→ **INPUT DATA**
=== Section Start ===

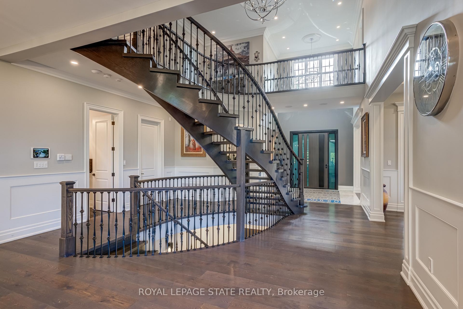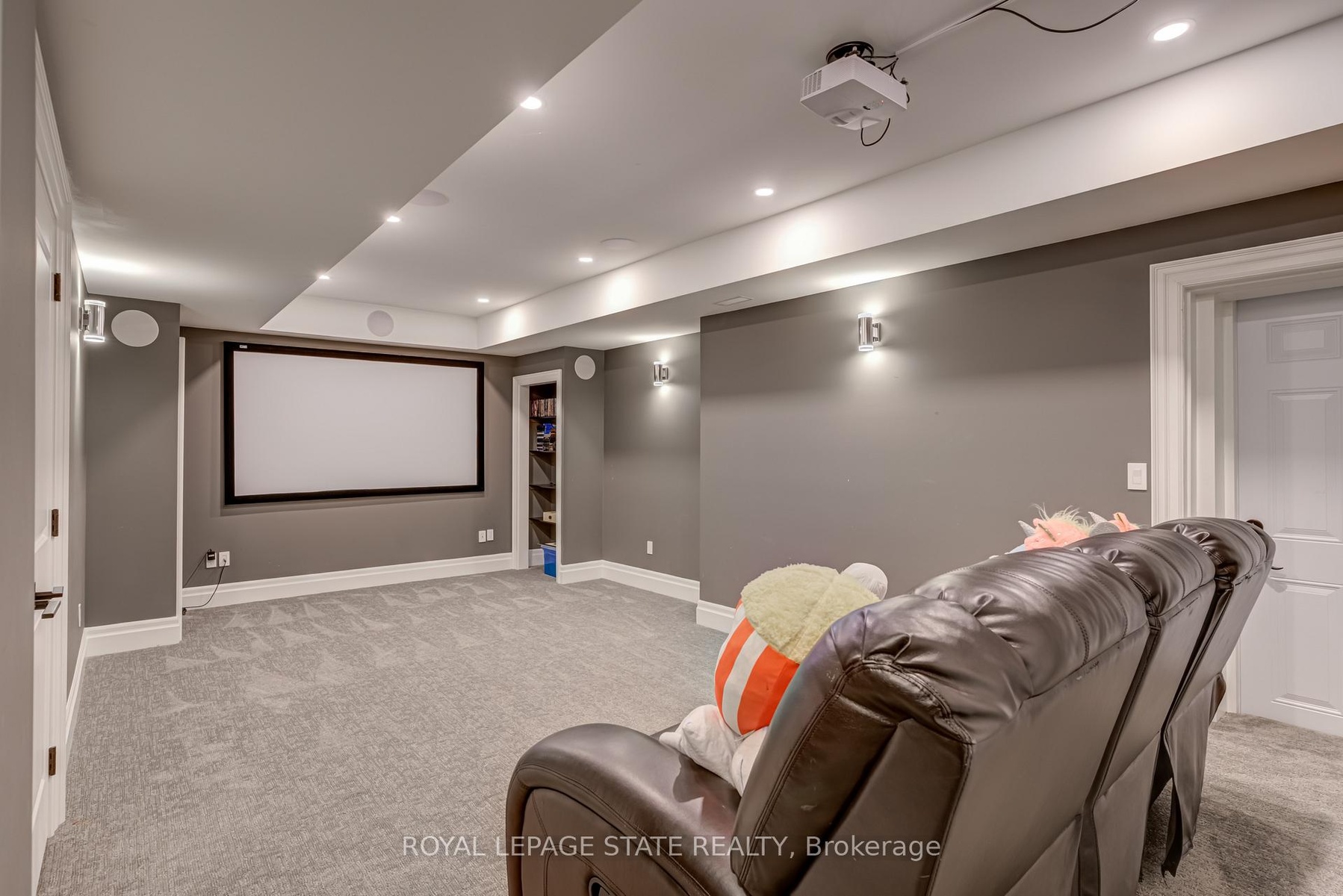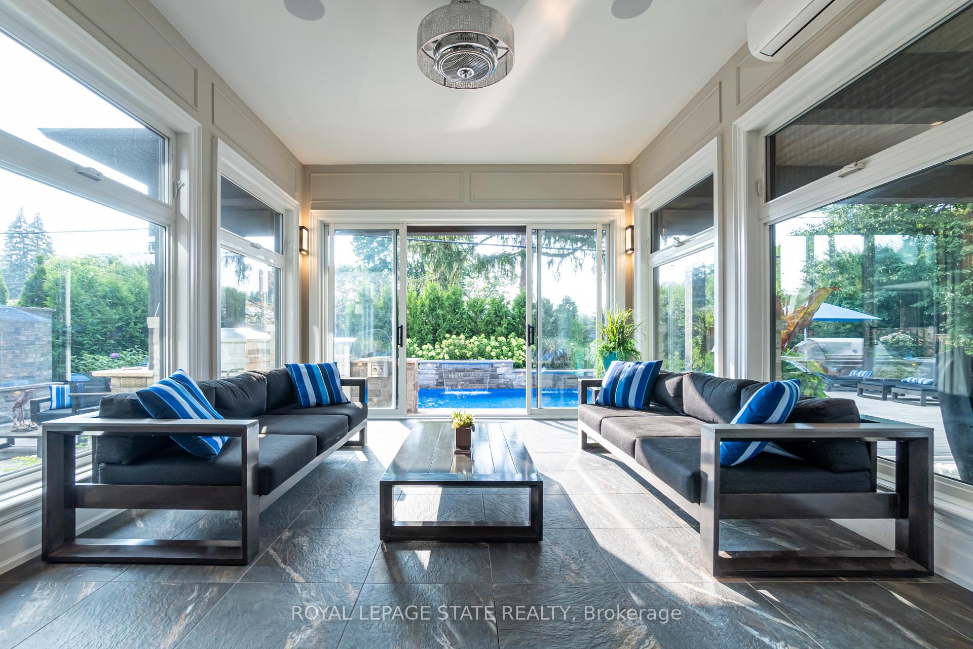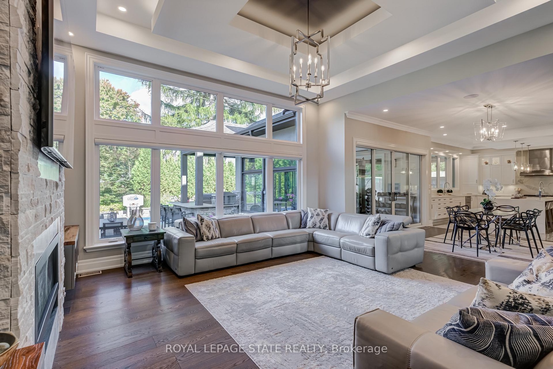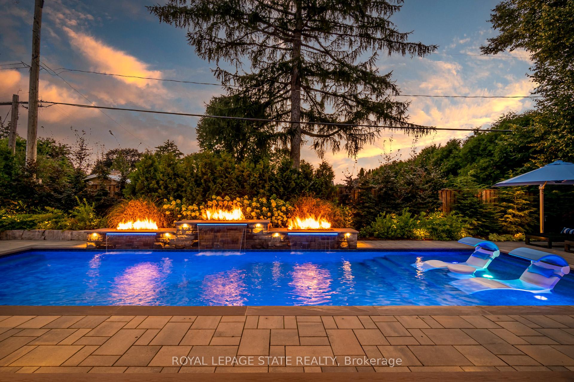 This architectural masterpiece offers 7,000 sq. ft. of luxurious living space with 4+2 bedrooms, 6 bathrooms, an incredible resort-style backyard oasis, and a fully finished basement with separate entrance. Set on an 85 x 135 ft. lot in a mature Ancaster neighbourhood, just one minute to highway access and all Power Centre amenities, this dream home impresses with striking curb appeal, professional landscaping, and an oversized triple garage with 14 ft. ceilings and two car lifts. The grand foyer with a soaring 21 ft. ceiling and curved staircase opens to a sophisticated interior featuring bold millwork, expansive porcelain, and wide-plank hardwood all illuminated by massive windows allowing plenty of natural light. The main level boasts formal living and dining rooms with 12 ft. ceilings, a private office, powder room, mudroom, and a gourmet eat-in kitchen with top-tier appliances. A 4-season sunroom with radiant in-floor heating and a family room with 11 ft. ceiling and stone fireplace create the perfect entertaining spaces. Upstairs, the sensational primary suite includes custom built-ins, spa-inspired 5-piece bath, private balcony, walk-in closet, and a custom dressing room fit for any wardrobe. Three additional bedrooms, all with ensuite baths (heated floors), and bedroom level laundry complete the upper level. The finished lower level offers a recreation area, home theatre, 2 bedrooms, full bath, second laundry, and kitchenette-ideal for family enjoyment or a multigenerational in-law suite. Step outside to a private resort-style retreat with heated saltwater pool (waterfalls, lights, fire features), sunken hot tub, outdoor kitchen with pizza oven, extensive hardscaping, artificial turf, storage shed, and an elite K-Array sound system. Upgrades include Control4 automation, integrated security with cameras, whole-home sound, and dual furnaces, A/Cs, and HRVs for comfort and efficiency. A rare opportunity to own one of Ancaster's most extraordinary residences!
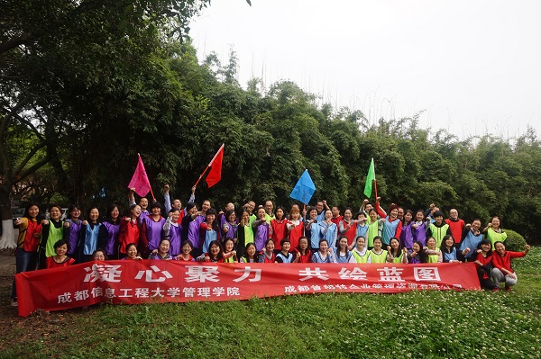 【本网讯】为进一步推动教师队伍建设,加强教师间的沟通交流,打造开拓、拼搏、团结、高效的工作团队,提升学院凝聚力和向心力,4月12日下午, 管理学院在龙泉校区体育馆开展了“凝心聚力  共绘蓝图”素质拓展活动,管理学院全体教职工参加了活动。
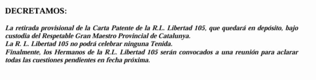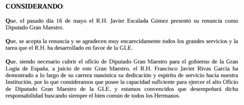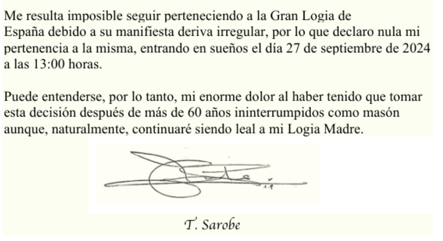 «Solo así se explica el uso en tus cartas y comunicaciones de palabras como bulos y otras expresiones que a diario aparecen en las declaraciones de los políticos. Ejerces de Gran Maestro como si se tratase de una extensión más de tu vida política: las mismas formas, el mismo lenguaje y la misma ambición por ganar sin que te importe la forma, ni la división que creas, ni el daño reputacional a la Orden. Solo así se entiende que te hayas atrevido a cercenar a los Hermanos el derecho fundamental al voto, en aplicación de una norma que existe desde la noche de los tiempos, la de participar o excusarse en las Grandes Asambleas a las que somos convocados, que fue diseñada para incentivar la participación y nunca para ser usada en su contra», concluyó Alonso en su misiva.
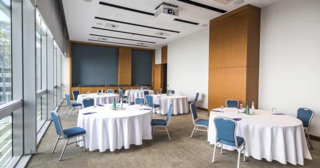 Our second largest meeting room at 112sqm, it can comfortably accommodate up to 103 guests. Ideally located in a corner of the building, the room is literally flooded with natural light thanks to two floor-to-ceiling window walls – making i...

=== Section End ===

→ **WHAT IS EXPECTED**
Could you retype every line above exactly as it appears, skipping the pictures?

→ **RESULT FOR THIS TASK**
 This architectural masterpiece offers 7,000 sq. ft. of luxurious living space with 4+2 bedrooms, 6 bathrooms, an incredible resort-style backyard oasis, and a fully finished basement with separate entrance. Set on an 85 x 135 ft. lot in a mature Ancaster neighbourhood, just one minute to highway access and all Power Centre amenities, this dream home impresses with striking curb appeal, professional landscaping, and an oversized triple garage with 14 ft. ceilings and two car lifts. The grand foyer with a soaring 21 ft. ceiling and curved staircase opens to a sophisticated interior featuring bold millwork, expansive porcelain, and wide-plank hardwood all illuminated by massive windows allowing plenty of natural light. The main level boasts formal living and dining rooms with 12 ft. ceilings, a private office, powder room, mudroom, and a gourmet eat-in kitchen with top-tier appliances. A 4-season sunroom with radiant in-floor heating and a family room with 11 ft. ceiling and stone fireplace create the perfect entertaining spaces. Upstairs, the sensational primary suite includes custom built-ins, spa-inspired 5-piece bath, private balcony, walk-in closet, and a custom dressing room fit for any wardrobe. Three additional bedrooms, all with ensuite baths (heated floors), and bedroom level laundry complete the upper level. The finished lower level offers a recreation area, home theatre, 2 bedrooms, full bath, second laundry, and kitchenette-ideal for family enjoyment or a multigenerational in-law suite. Step outside to a private resort-style retreat with heated saltwater pool (waterfalls, lights, fire features), sunken hot tub, outdoor kitchen with pizza oven, extensive hardscaping, artificial turf, storage shed, and an elite K-Array sound system. Upgrades include Control4 automation, integrated security with cameras, whole-home sound, and dual furnaces, A/Cs, and HRVs for comfort and efficiency. A rare opportunity to own one of Ancaster's most extraordinary residences!
 【本网讯】为进一步推动教师队伍建设,加强教师间的沟通交流,打造开拓、拼搏、团结、高效的工作团队,提升学院凝聚力和向心力,4月12日下午, 管理学院在龙泉校区体育馆开展了“凝心聚力  共绘蓝图”素质拓展活动,管理学院全体教职工参加了活动。
 «Solo así se explica el uso en tus cartas y comunicaciones de palabras como bulos y otras expresiones que a diario aparecen en las declaraciones de los políticos. Ejerces de Gran Maestro como si se tratase de una extensión más de tu vida política: las mismas formas, el mismo lenguaje y la misma ambición por ganar sin que te importe la forma, ni la división que creas, ni el daño reputacional a la Orden. Solo así se entiende que te hayas atrevido a cercenar a los Hermanos el derecho fundamental al voto, en aplicación de una norma que existe desde la noche de los tiempos, la de participar o excusarse en las Grandes Asambleas a las que somos convocados, que fue diseñada para incentivar la participación y nunca para ser usada en su contra», concluyó Alonso en su misiva.
 Our second largest meeting room at 112sqm, it can comfortably accommodate up to 103 guests. Ideally located in a corner of the building, the room is literally flooded with natural light thanks to two floor-to-ceiling window walls – making i...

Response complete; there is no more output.